The National7 days ago
US President Donald Trump on Tuesday said he is in "no rush" to talk with Iran after last month's strikes on nuclear facilities but that Tehran was hoping to engage in discussions with the Americans.
"They would like to talk. I'm in no rush to talk because we obliterated their site," Mr Trump told reporters upon his arrival in Washington after a trip to Pittsburgh, referring to US strikes on Iranian nuclear sites last month.
Iran said on Monday that it will not resume nuclear talks with the US if negotiations are conditional on halting its uranium enrichment activities, state news agency Irnareported.
Tehran and Washington held several rounds of negotiations aimed at reviving a nuclear deal, but those efforts were derailed after Israel launched a wave of strikes on Iran in June, triggering 12 days of war.
After a ceasefire was announced ending the war, Mr Trump signalled interest in returning to the negotiating table. However, Tehran has remained firm that it will not relinquish its right to the peaceful use of nuclear power.
Mr Trump is set to meet Qatar 's Prime Minister Sheikh Mohammed bin Abdulrahman Al Thani on Wednesday to discuss efforts to bring a nuclear agreement, Axios reporter Barak Ravid posted on X. Qatar has previously mediated between the two sides.
Meanwhile, US Secretary of State Marco Rubio and the foreign ministers of France, Germany and the UK agreed during a phone call on Monday to set the end of August as the de facto deadline for reaching a nuclear deal with Iran, Axios reported, citing three sources.
The EU was particularly proud of the 2015 nuclear deal because it represented a strong symbol of multilateral diplomacy. It brought together great powers in the spirit of bolstering the cause of nuclear non-proliferation.
Besides exiting, the Trump administration reimposed heavy secondary sanctions on Iran, which effectively forced foreign companies to choose between investing in the US and Iranian markets.

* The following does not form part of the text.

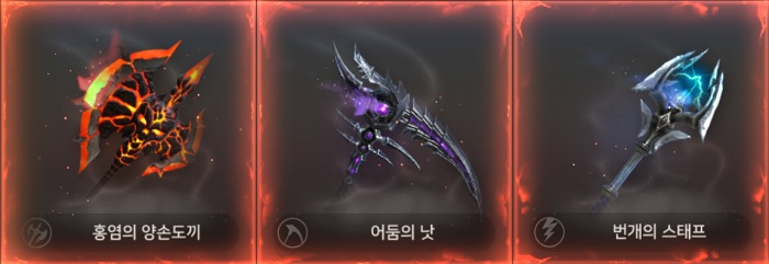 도끼와 낫, 스태프 조합을 사용하지 않는 2개 팀 또한, '태풍의 활', '어둠의 낫', '홍염의 양손도끼'를 사용하면서 거의 비슷한 조합을 예선전에서 사용했다.

European efforts to mitigate the impact of these US sanctions failed, thus undermining the key benefit of the deal for Iran: helping its battered economy.
It also weakened Tehran's faith in the value of Europe as a partner, as it revealed an inability to carve real independence from the US.
If no deal is reached by that deadline, the three European powers plan to trigger the "snapback" mechanism that automatically reimposes all UN Security Council sanctions lifted under the 2015 Iran deal, according to the Axios report.
October 18 is Termination Day for the 2015 nuclear agreement, which Mr Trump unilaterally pulled out of three years after it was signed.